* **Description of the task**
Write the entries below out again exactly; any picture in them stays out.

━━━ Records shown

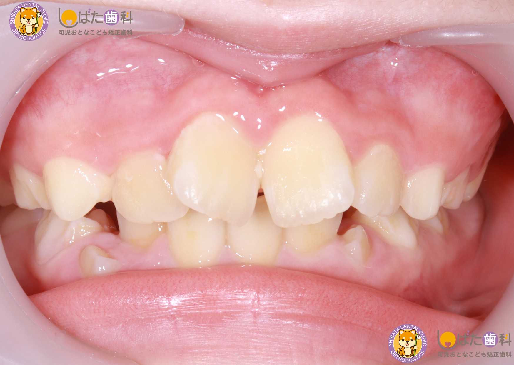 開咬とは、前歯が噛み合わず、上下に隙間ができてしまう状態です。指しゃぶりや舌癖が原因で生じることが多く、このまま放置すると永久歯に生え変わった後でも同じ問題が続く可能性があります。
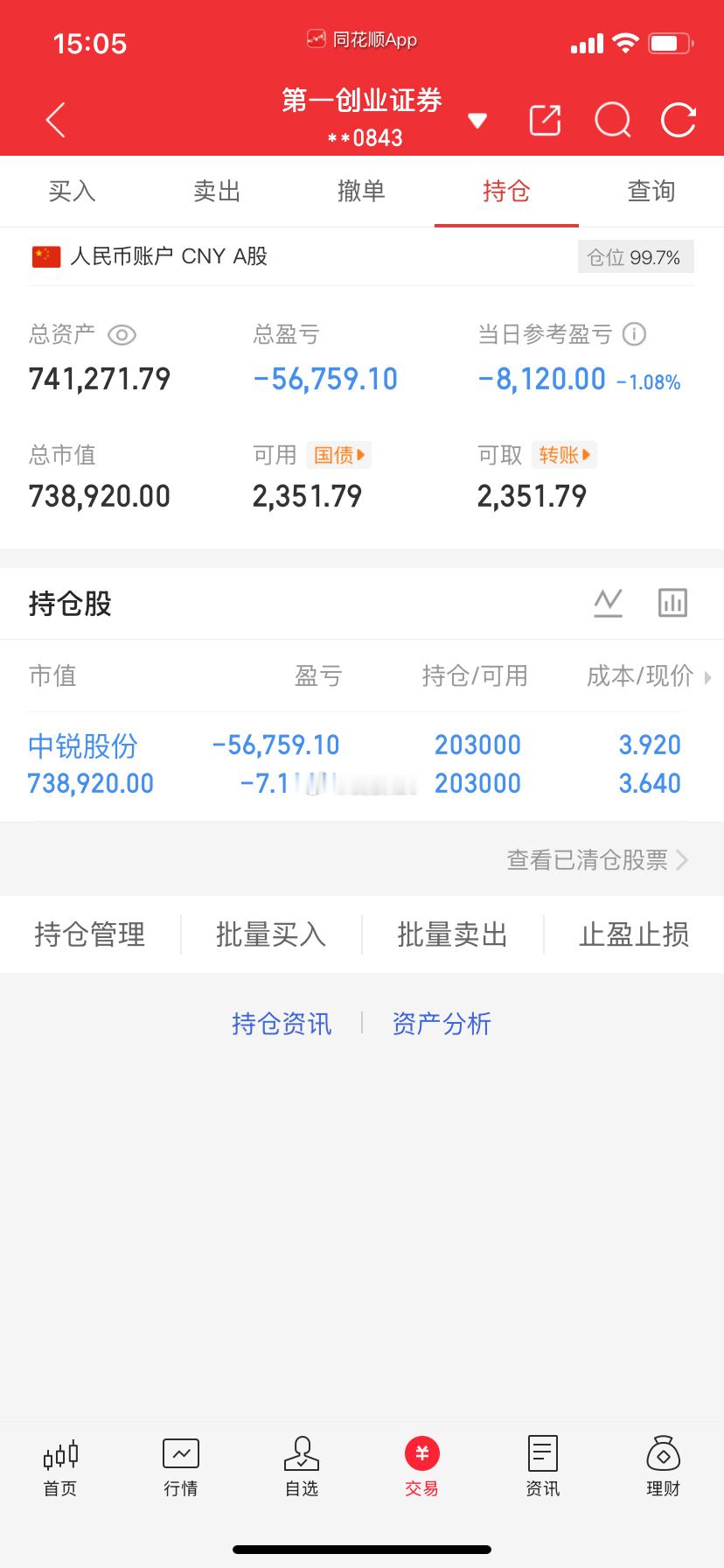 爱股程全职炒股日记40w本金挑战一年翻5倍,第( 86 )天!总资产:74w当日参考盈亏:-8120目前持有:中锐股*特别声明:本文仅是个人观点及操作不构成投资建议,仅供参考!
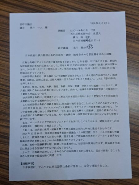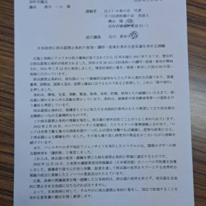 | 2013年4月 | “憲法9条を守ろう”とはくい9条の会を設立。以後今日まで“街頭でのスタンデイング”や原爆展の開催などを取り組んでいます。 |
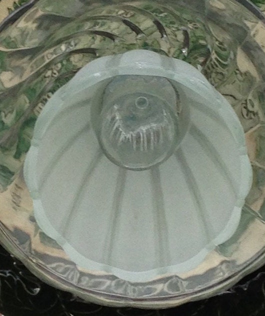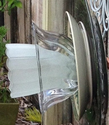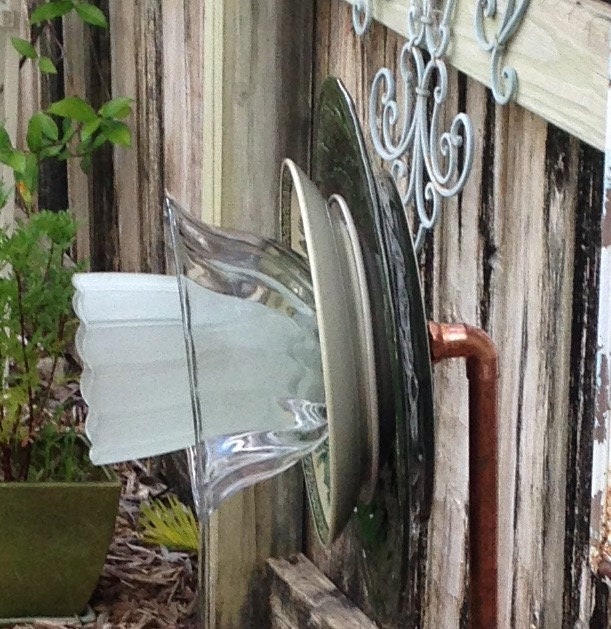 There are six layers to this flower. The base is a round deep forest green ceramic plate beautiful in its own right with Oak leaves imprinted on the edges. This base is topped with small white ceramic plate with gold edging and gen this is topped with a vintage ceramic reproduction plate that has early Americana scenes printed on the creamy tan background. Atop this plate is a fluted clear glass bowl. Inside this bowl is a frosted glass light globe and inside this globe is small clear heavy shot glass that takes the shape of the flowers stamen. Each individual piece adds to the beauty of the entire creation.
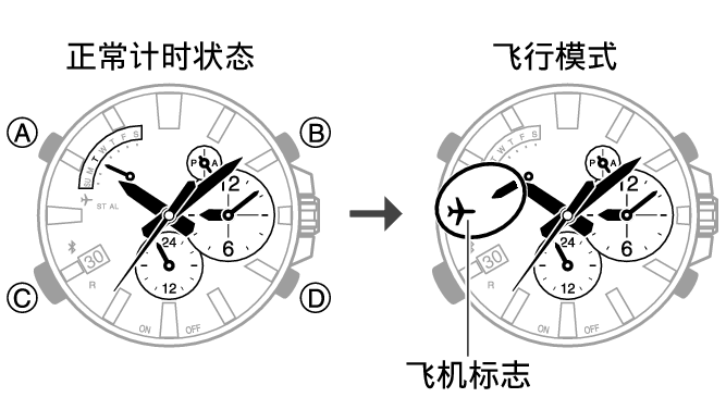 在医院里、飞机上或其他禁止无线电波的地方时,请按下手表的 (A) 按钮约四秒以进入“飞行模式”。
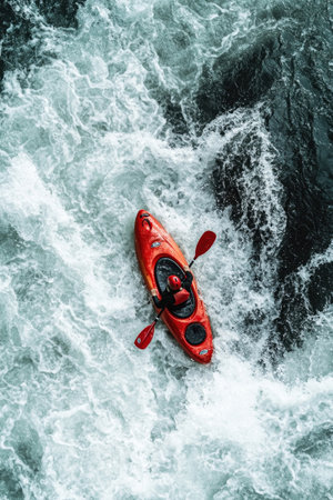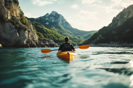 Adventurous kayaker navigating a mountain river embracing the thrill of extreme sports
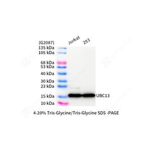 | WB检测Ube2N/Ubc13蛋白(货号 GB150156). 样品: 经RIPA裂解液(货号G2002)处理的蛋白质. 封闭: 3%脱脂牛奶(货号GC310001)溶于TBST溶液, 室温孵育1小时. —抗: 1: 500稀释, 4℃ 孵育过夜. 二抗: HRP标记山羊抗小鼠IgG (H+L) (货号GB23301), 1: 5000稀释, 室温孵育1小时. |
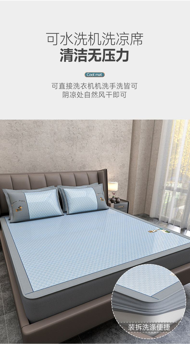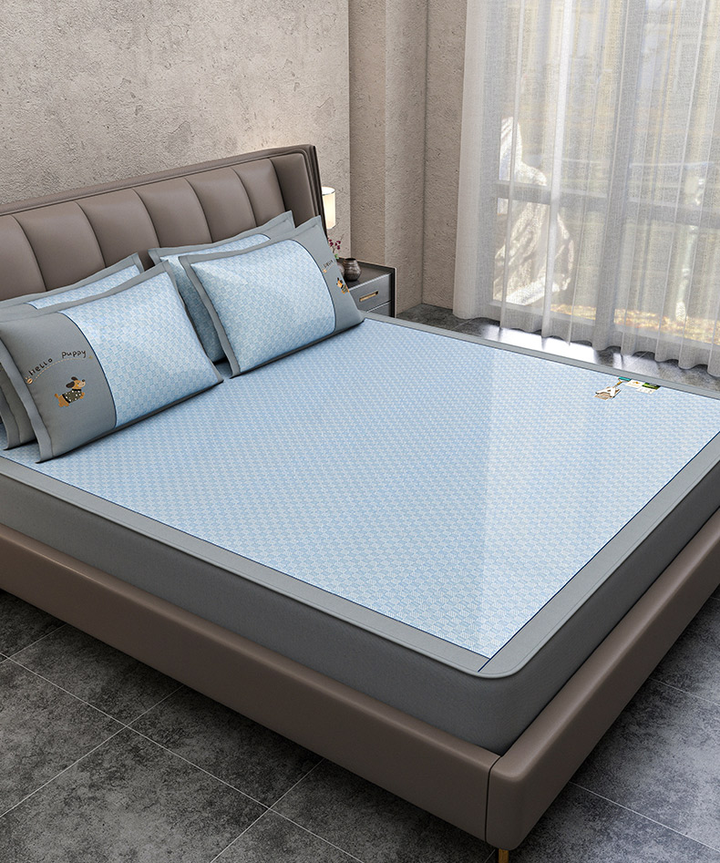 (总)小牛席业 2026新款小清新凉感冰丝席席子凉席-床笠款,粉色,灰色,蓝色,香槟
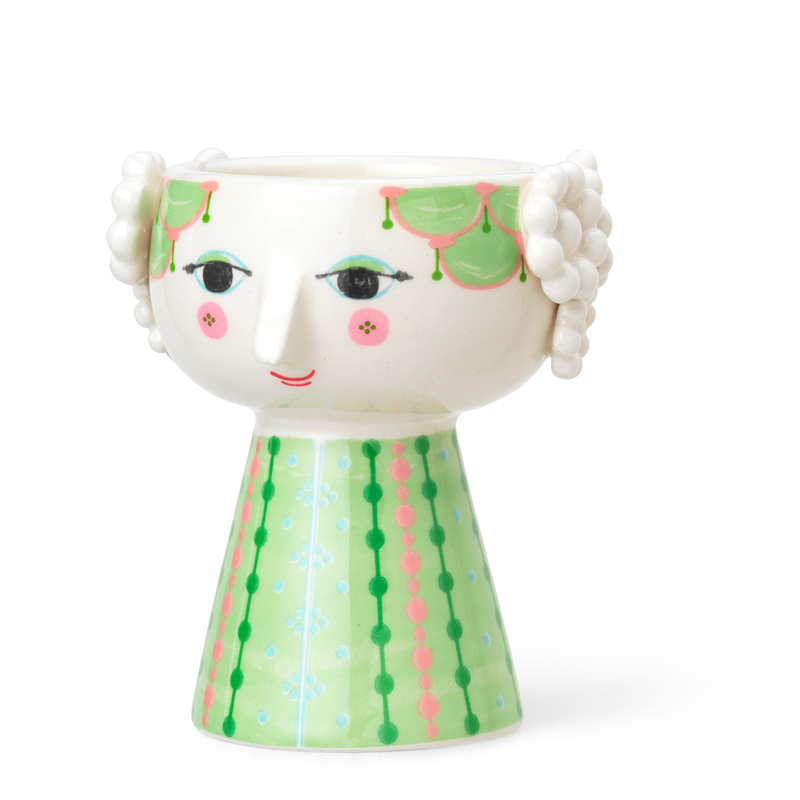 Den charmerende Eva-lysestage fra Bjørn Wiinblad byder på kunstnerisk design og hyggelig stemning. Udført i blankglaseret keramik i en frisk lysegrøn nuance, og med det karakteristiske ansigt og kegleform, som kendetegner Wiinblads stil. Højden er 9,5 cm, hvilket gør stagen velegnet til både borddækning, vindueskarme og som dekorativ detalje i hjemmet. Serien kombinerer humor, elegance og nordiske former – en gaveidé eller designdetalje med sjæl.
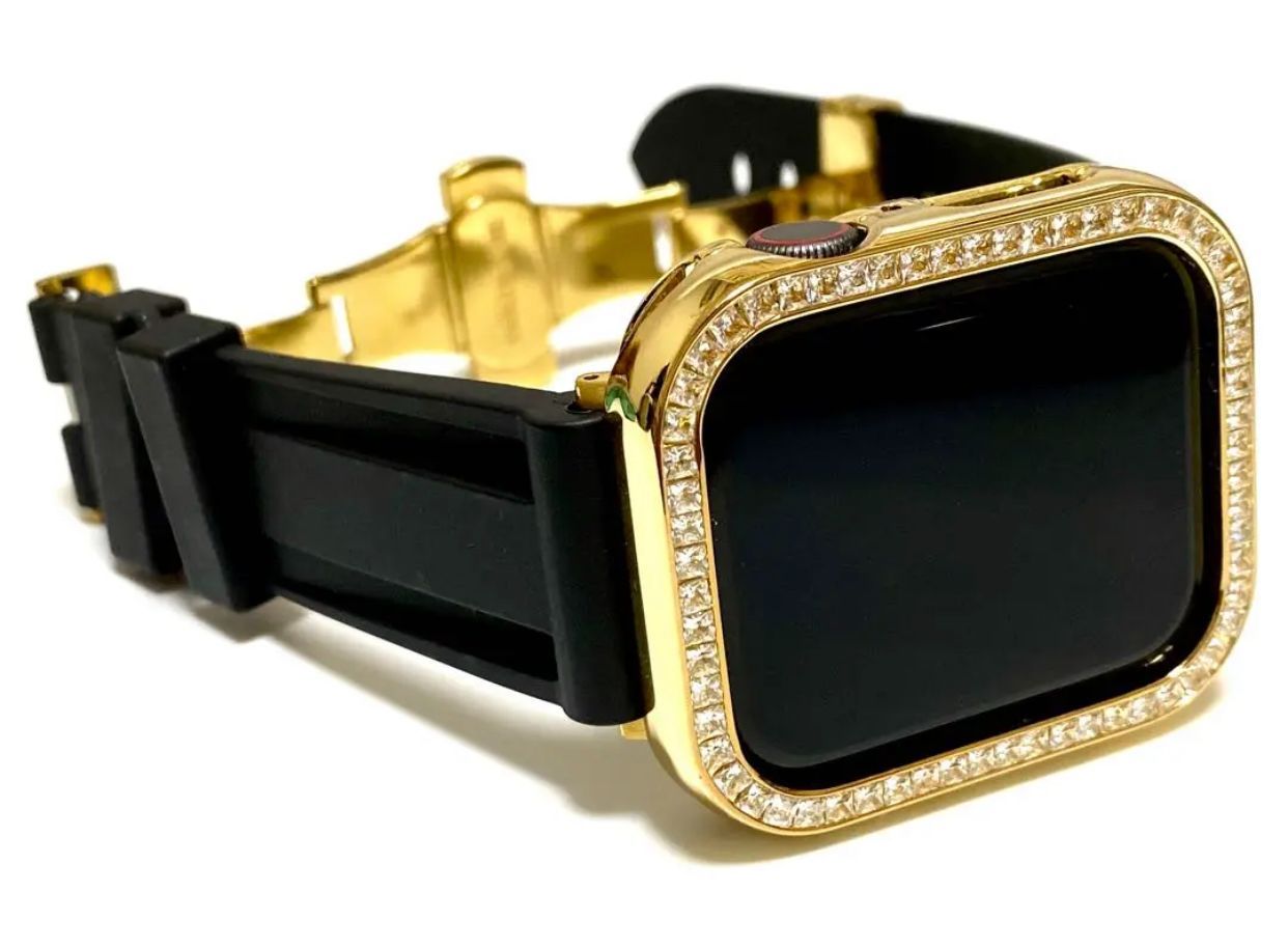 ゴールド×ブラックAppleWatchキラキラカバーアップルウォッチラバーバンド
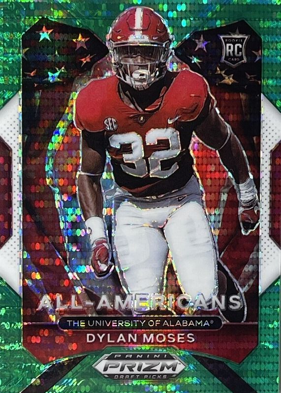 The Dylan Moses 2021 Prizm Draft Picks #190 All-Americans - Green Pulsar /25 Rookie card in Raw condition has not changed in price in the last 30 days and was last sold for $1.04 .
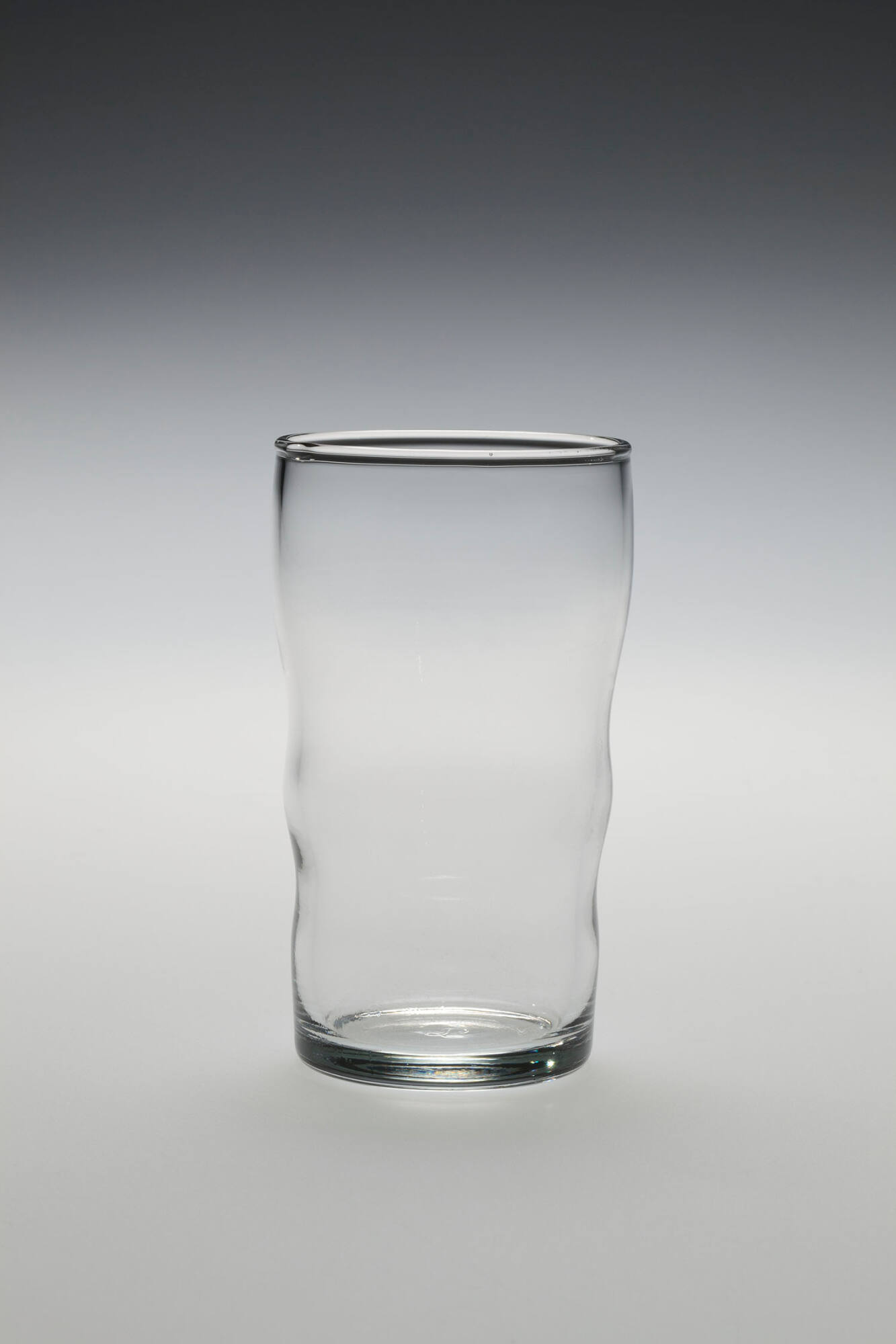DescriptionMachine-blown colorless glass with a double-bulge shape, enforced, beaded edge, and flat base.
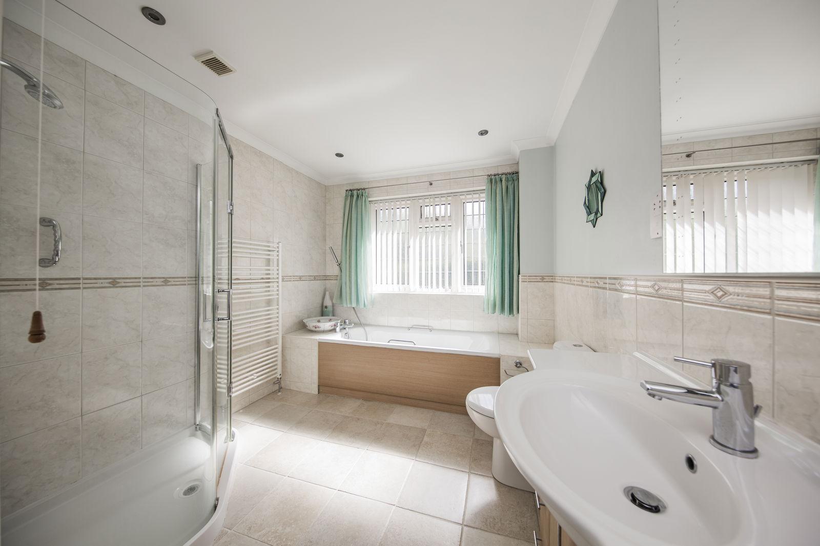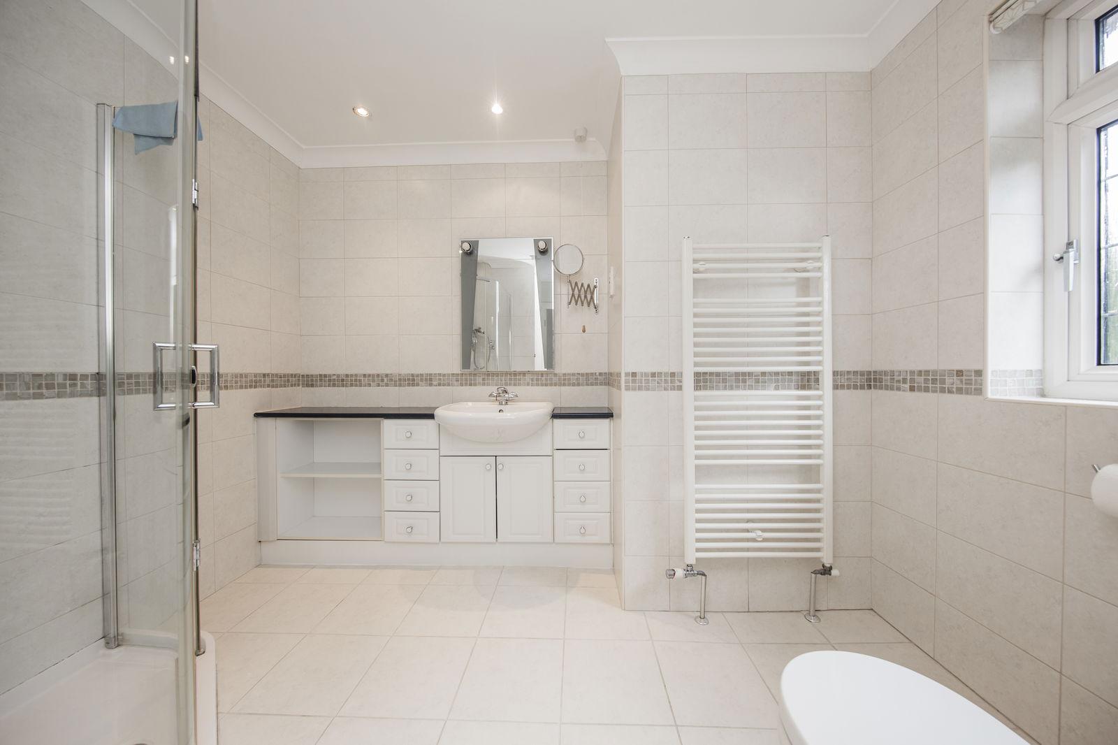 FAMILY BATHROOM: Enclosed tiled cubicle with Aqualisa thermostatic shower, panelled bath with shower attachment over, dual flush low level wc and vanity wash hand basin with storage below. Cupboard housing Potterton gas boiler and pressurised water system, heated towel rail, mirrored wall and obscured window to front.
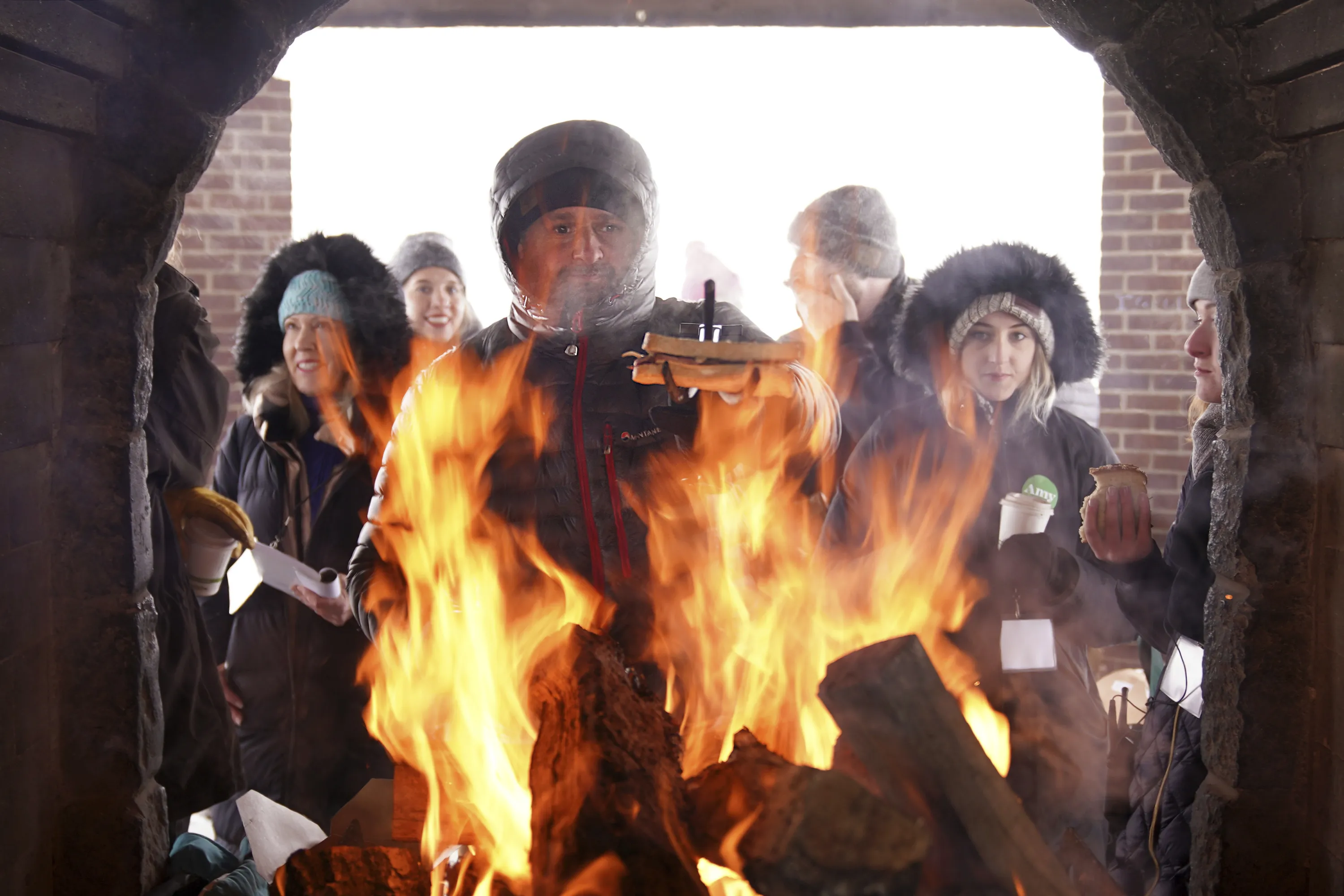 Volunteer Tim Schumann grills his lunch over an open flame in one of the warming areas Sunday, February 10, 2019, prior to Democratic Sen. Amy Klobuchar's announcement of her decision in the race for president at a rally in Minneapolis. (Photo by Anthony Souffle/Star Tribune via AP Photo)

━━━━━━

* **Task output**
 開咬とは、前歯が噛み合わず、上下に隙間ができてしまう状態です。指しゃぶりや舌癖が原因で生じることが多く、このまま放置すると永久歯に生え変わった後でも同じ問題が続く可能性があります。
 爱股程全职炒股日记40w本金挑战一年翻5倍,第( 86 )天!总资产:74w当日参考盈亏:-8120目前持有:中锐股*特别声明:本文仅是个人观点及操作不构成投资建议,仅供参考!
 | 2013年4月 | “憲法9条を守ろう”とはくい9条の会を設立。以後今日まで“街頭でのスタンデイング”や原爆展の開催などを取り組んでいます。 |
 There are six layers to this flower. The base is a round deep forest green ceramic plate beautiful in its own right with Oak leaves imprinted on the edges. This base is topped with small white ceramic plate with gold edging and gen this is topped with a vintage ceramic reproduction plate that has early Americana scenes printed on the creamy tan background. Atop this plate is a fluted clear glass bowl. Inside this bowl is a frosted glass light globe and inside this globe is small clear heavy shot glass that takes the shape of the flowers stamen. Each individual piece adds to the beauty of the entire creation.
 在医院里、飞机上或其他禁止无线电波的地方时,请按下手表的 (A) 按钮约四秒以进入“飞行模式”。
 Adventurous kayaker navigating a mountain river embracing the thrill of extreme sports
 | WB检测Ube2N/Ubc13蛋白(货号 GB150156). 样品: 经RIPA裂解液(货号G2002)处理的蛋白质. 封闭: 3%脱脂牛奶(货号GC310001)溶于TBST溶液, 室温孵育1小时. —抗: 1: 500稀释, 4℃ 孵育过夜. 二抗: HRP标记山羊抗小鼠IgG (H+L) (货号GB23301), 1: 5000稀释, 室温孵育1小时. |
 (总)小牛席业 2026新款小清新凉感冰丝席席子凉席-床笠款,粉色,灰色,蓝色,香槟
 Den charmerende Eva-lysestage fra Bjørn Wiinblad byder på kunstnerisk design og hyggelig stemning. Udført i blankglaseret keramik i en frisk lysegrøn nuance, og med det karakteristiske ansigt og kegleform, som kendetegner Wiinblads stil. Højden er 9,5 cm, hvilket gør stagen velegnet til både borddækning, vindueskarme og som dekorativ detalje i hjemmet. Serien kombinerer humor, elegance og nordiske former – en gaveidé eller designdetalje med sjæl.
 ゴールド×ブラックAppleWatchキラキラカバーアップルウォッチラバーバンド
 The Dylan Moses 2021 Prizm Draft Picks #190 All-Americans - Green Pulsar /25 Rookie card in Raw condition has not changed in price in the last 30 days and was last sold for $1.04 .
DescriptionMachine-blown colorless glass with a double-bulge shape, enforced, beaded edge, and flat base.
 FAMILY BATHROOM: Enclosed tiled cubicle with Aqualisa thermostatic shower, panelled bath with shower attachment over, dual flush low level wc and vanity wash hand basin with storage below. Cupboard housing Potterton gas boiler and pressurised water system, heated towel rail, mirrored wall and obscured window to front.
 Volunteer Tim Schumann grills his lunch over an open flame in one of the warming areas Sunday, February 10, 2019, prior to Democratic Sen. Amy Klobuchar's announcement of her decision in the race for president at a rally in Minneapolis. (Photo by Anthony Souffle/Star Tribune via AP Photo)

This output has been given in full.